While I think we can assume safely that there will be a 1 to 1 mapping
from universal character names to unicode entry points, I prefer to
avoid that and use directly the hexadecimal integer constants that
will ensure that the test is independent of the compiler.

For that reason, I think is better to represent these arrays as:

        static char *mb[] = {
                "!",
                "\xc2\xa1",
                "\xe2\x80\x94",
                "\xf0\x9f\x92\xa9"
        };
        static wchar_t wc[] = {
                L'!',
                0x00A1,
                0x2014,
                0x0001F4A9
        };

I removed the consts for a question of style, as const is not commonly
used in the scc code base, and I added the static to avoid the initialization
code.

+ for (i = 0; i < 4; i++) {

I think we can use a typical NELEM macro instead of hardcoding 4 here:

        #define NELEM(x) (sizeof(x)/sizeof((x)[0]))

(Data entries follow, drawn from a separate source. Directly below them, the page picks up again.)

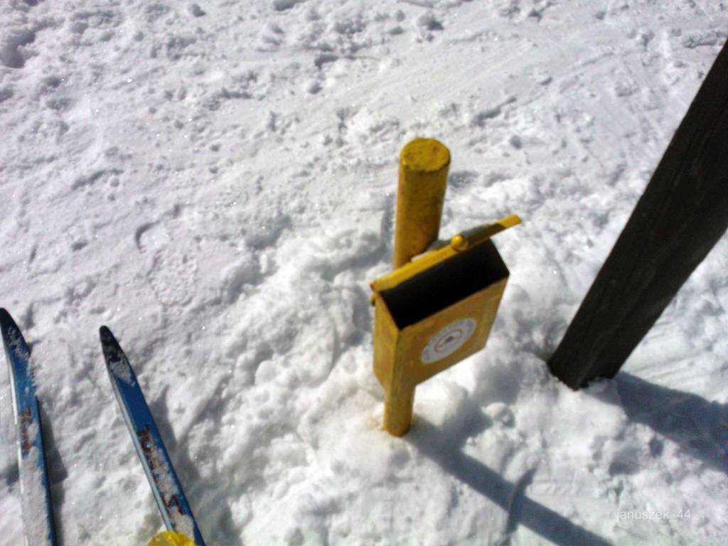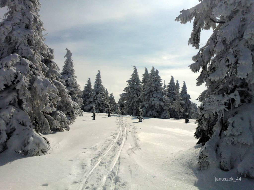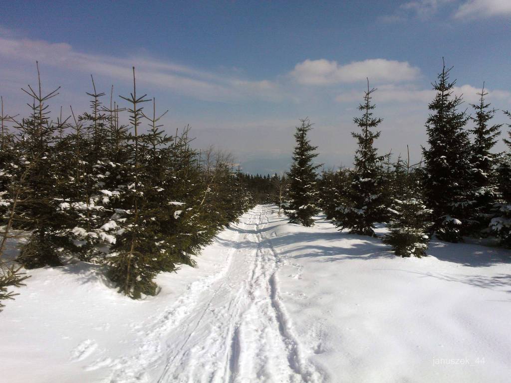 Teraz w kierunku Pod Babusi. Tu się nie da jechać, więc z biegówkami na plecach biegnę. Osiągam drewnianą chatę. Grupa Czechów na biegówkach rozpala ognisko. Ja pędzę dalej. Docieram do nartostrady w kierunku Dolni Morava. Już się cieszę, że teraz pójdzie gładko. Mam już dosyć tych nie przetartych szlaków. Ale szlakowskaz nieubłaganie spycha mnie właśnie na taką nie przetartą ścieżkę.
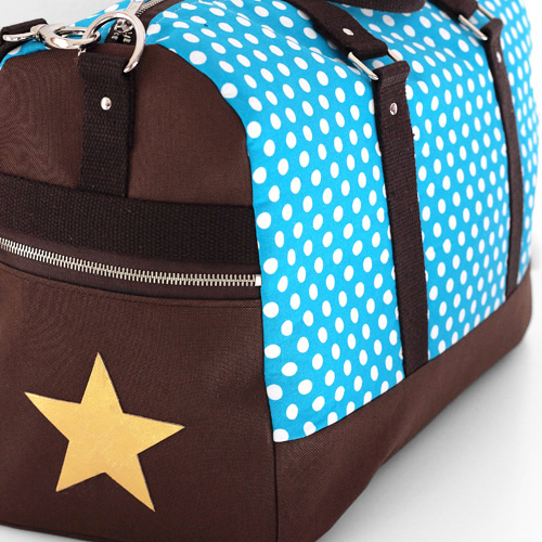 • Virgine a cousu un sac week-end Boston en simili canard, imprimé feuillages et anses avec sequins - Patron couture Sacôtin
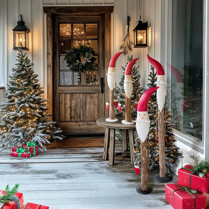 How I’d recreate, pick one hero, the gnomes, then keep everything else lower and slimmer so the scene doesn’t crowd. Use flocked trees with warm micro-lights and one jute-wrapped gift stack on each side for balance. Because wind loves to bully gnomes, screw their bases to round black pavers, then slide the pavers under a thin dusting of faux snow. I’d add one small wreath to the door to anchor the center. It still reads as farmhouse Christmas front porch decor with a Scandinavian wink.
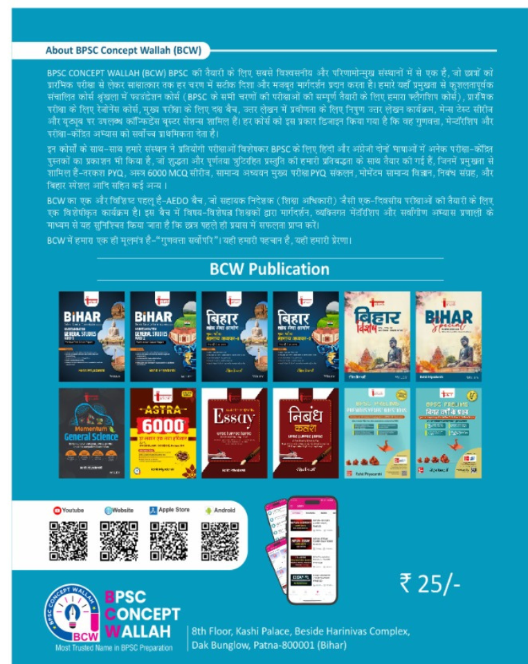 यह पुस्तक BPSC प्रारंभिक (Prelims) एवं मुख्य परीक्षा (Mains) की तैयारी करने वाले अभ्यर्थियों के लिए विशेष रूप से तैयार की गई है। इसमें BPSC का विस्तृत पाठ्यक्रम हिंदी में सरल एवं व्यवस्थित तरीके से प्रस्तुत किया गया है।
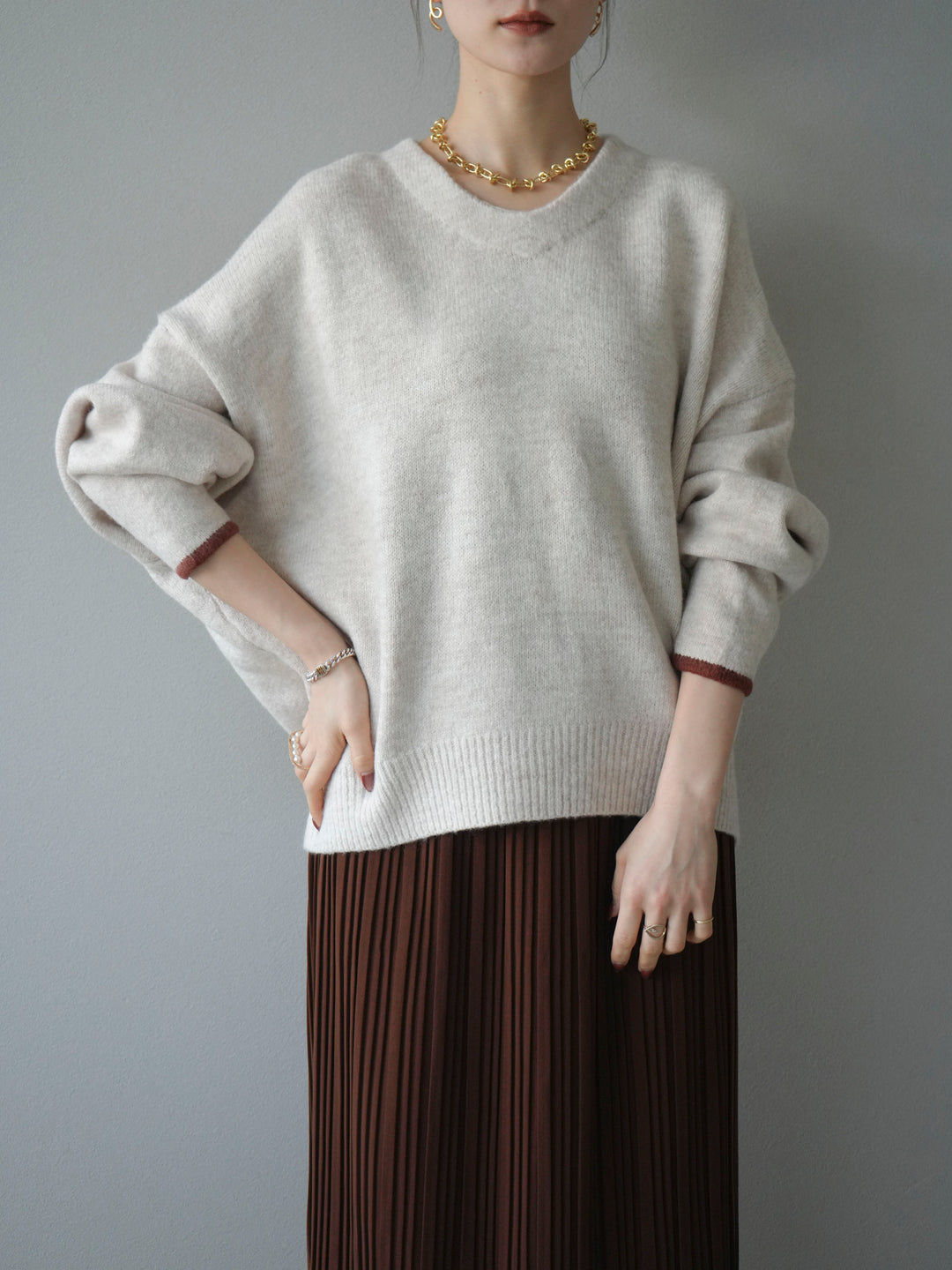 [予約]Vネック配色スリーブニットプルオーバー/oatmeal
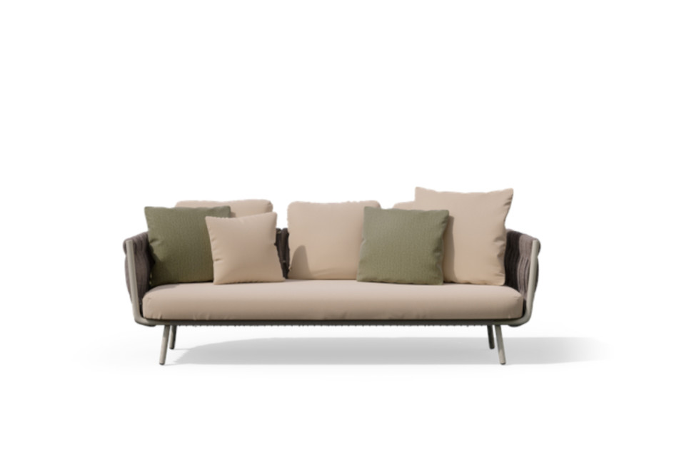 La seduta è molto confortevole grazie ai cuscini outdoor. I tenui colori ton sur ton in linen sottolinea il caratere chic di questo sofa.
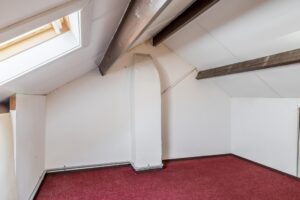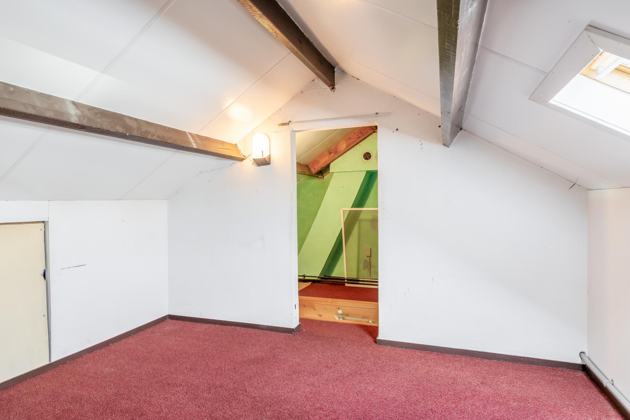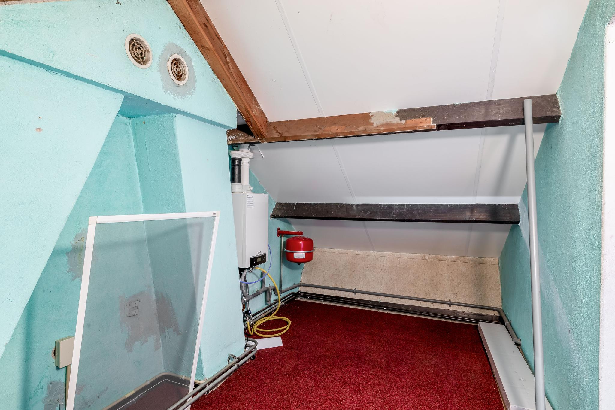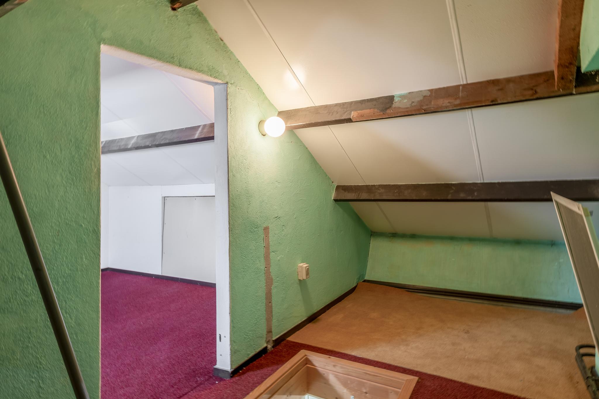 Middels een vlizotrap is de zolder bereikbaar. De overloop, met CV-ketel, geeft toegang tot een ruimte, met berging onder het schuine dak en een dakraam, die geschikt is als berging of hobbyruimte.

        for (i = 0; i < NELEM(mb); i++)

and

        for (i = 0; i < NELEM(wc); i++)

because I expect more cases are going to be added in the future ...

> +void
> +tests_negative()
> +{
> + char badutf8[] = { 0xF8 /* 0b11111000 */, 0x80 | 1, 0x80 | 2, 0x80 | 3, 0x80 | 4, 0x80 | 5, '\0' };
> + char overlong[] = { 0xC0, 0x80 | 'a' };

Just to be consistent with the other arrays, and to obey the 80 columns rule
I think this should be:

        static char badutf8[] = {
                0xF8 /* 0b11111000 */,
                0x80 | 1, 0x80 | 2, 0x80 | 3,
                0x80 | 4, 0x80 | 5,
                '\0'
        };
        static char overlong[] = {0xC0, 0x80 | 'a'};

> +
> +int
> +main()
> +{
> + puts("testing");
> + tests_positive();
> + tests_negative();

While I think this works very well to test only mbtowc() and mbtowc(),
I think it can be a problem once we begin to add more functions to be
tested, so I would split the tests per function for example:

        test_mbtowc();
        test_mbtowc();

That would require to have the arrays as global variables, but it shouldn't
be a problem. Also, adding the tests for the reentrant versions should be
trivial as they are the same tests, just passing and additional parameter.
I just pushed the implementation of mbsinit() (it is trivial for the case
of utf8), that can be used in the tests for the reentrant versions.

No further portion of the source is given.